━━━━━ Information shown ━━━━━

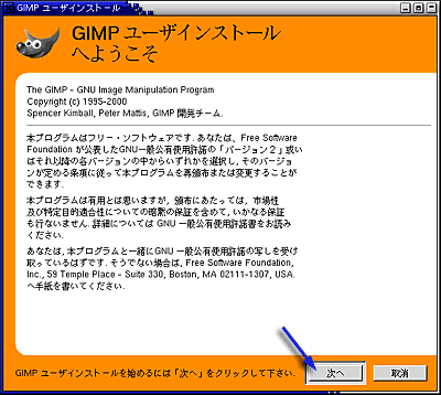このソフトウェアは GPL (GNU General Public License: GNU 一般使用許諾) のもとに配布されているソフトウェアです。そのまま「次へ」をクリックしてください。
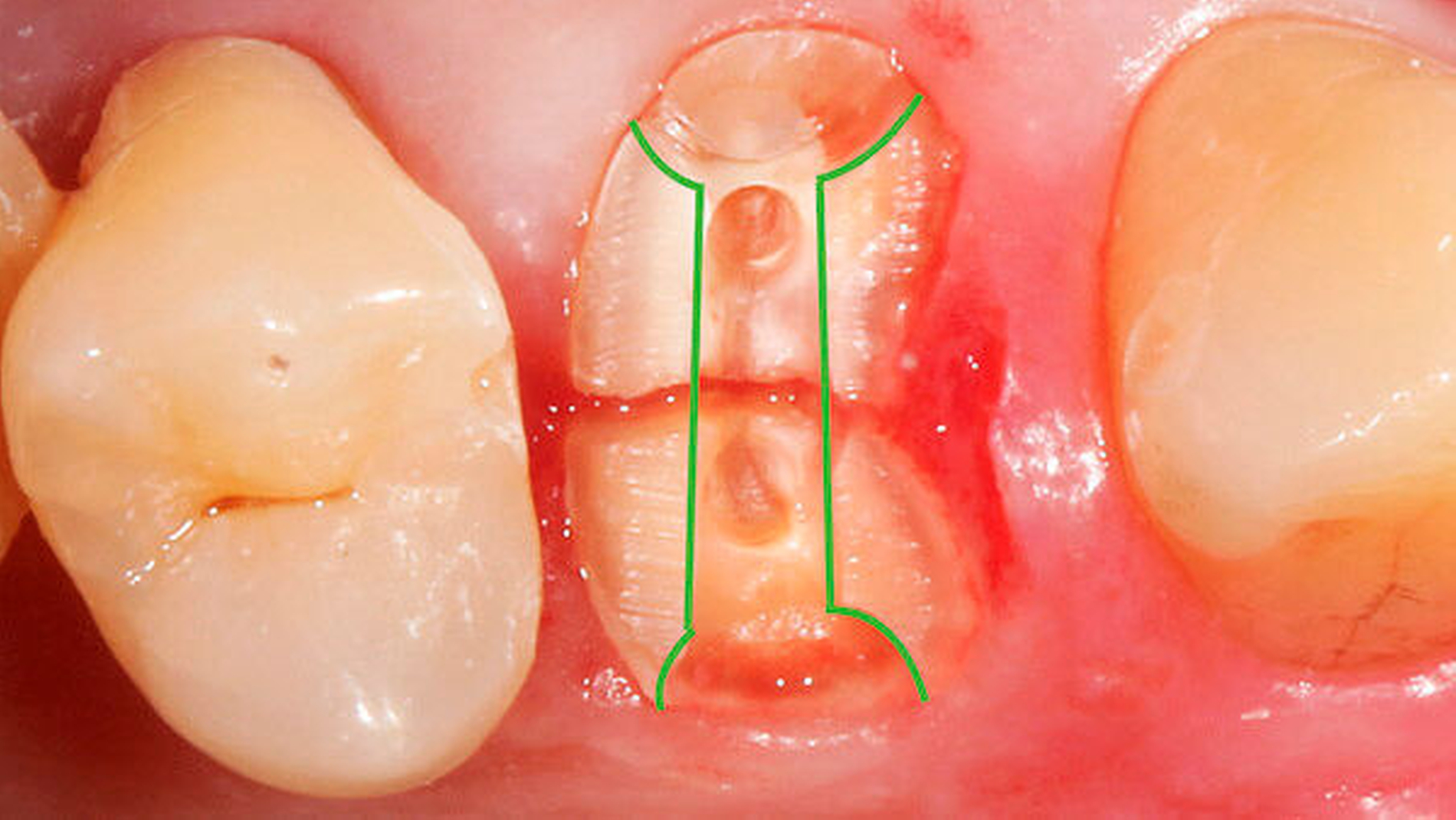 Grundsätzlich gilt, dass innerhalb der Retentionsphase der natürliche Zahn – alternativ die Wurzelscheibe – als induzierender Faktor für die Reossifikation der apikalen Extrusionshöhle dient. Dieser Prozess wird als Dentointegration in der Literatur umschrieben [Silva TA. et al., 2004; Schwarz F. et al., 2016]. Knochenhöhlen in direktem Kontakt zu Dentin weisen eine deutlich höhere Reossifikationsrate auf als Knochendefekte ohne dentointegrativen Stimulus.
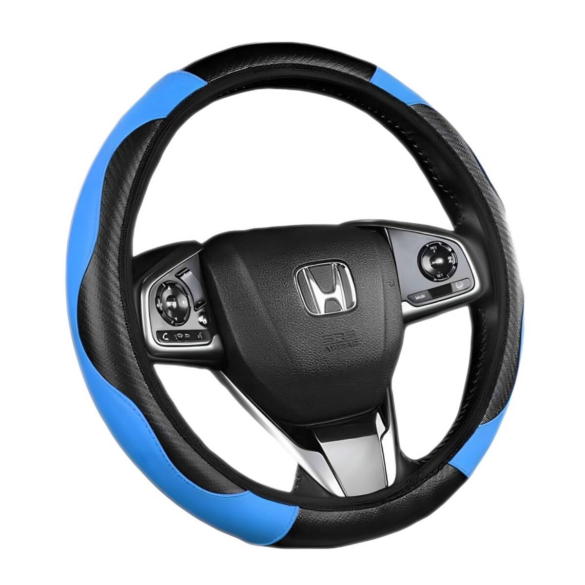 > 【未使用品】ハンドルカバー 車 滑り止め ステアリング カバー アクセサリー ドライブ グリップ くるま ハンドル カーボン ブルー 青
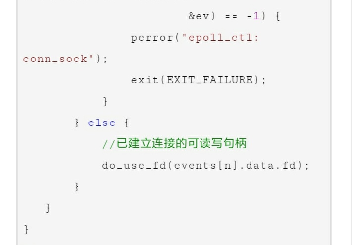 - 你拿着凭证在领取办公室门前等着,这时候广播喊xx班长你们班孙大熊的游泳卡办好了速来领取、李明实验室权限卡办好了速来取....还有同学的事情没办好,所以班长只能继续(也就是调用epoll_wait等待内核反馈的可读写事件发生并处理);

━━━━━

• **Work required**
Word for word, restate the material above; do not carry over the pictures.

• **Solution to this task**
このソフトウェアは GPL (GNU General Public License: GNU 一般使用許諾) のもとに配布されているソフトウェアです。そのまま「次へ」をクリックしてください。
 Grundsätzlich gilt, dass innerhalb der Retentionsphase der natürliche Zahn – alternativ die Wurzelscheibe – als induzierender Faktor für die Reossifikation der apikalen Extrusionshöhle dient. Dieser Prozess wird als Dentointegration in der Literatur umschrieben [Silva TA. et al., 2004; Schwarz F. et al., 2016]. Knochenhöhlen in direktem Kontakt zu Dentin weisen eine deutlich höhere Reossifikationsrate auf als Knochendefekte ohne dentointegrativen Stimulus.
 > 【未使用品】ハンドルカバー 車 滑り止め ステアリング カバー アクセサリー ドライブ グリップ くるま ハンドル カーボン ブルー 青
 - 你拿着凭证在领取办公室门前等着,这时候广播喊xx班长你们班孙大熊的游泳卡办好了速来领取、李明实验室权限卡办好了速来取....还有同学的事情没办好,所以班长只能继续(也就是调用epoll_wait等待内核反馈的可读写事件发生并处理);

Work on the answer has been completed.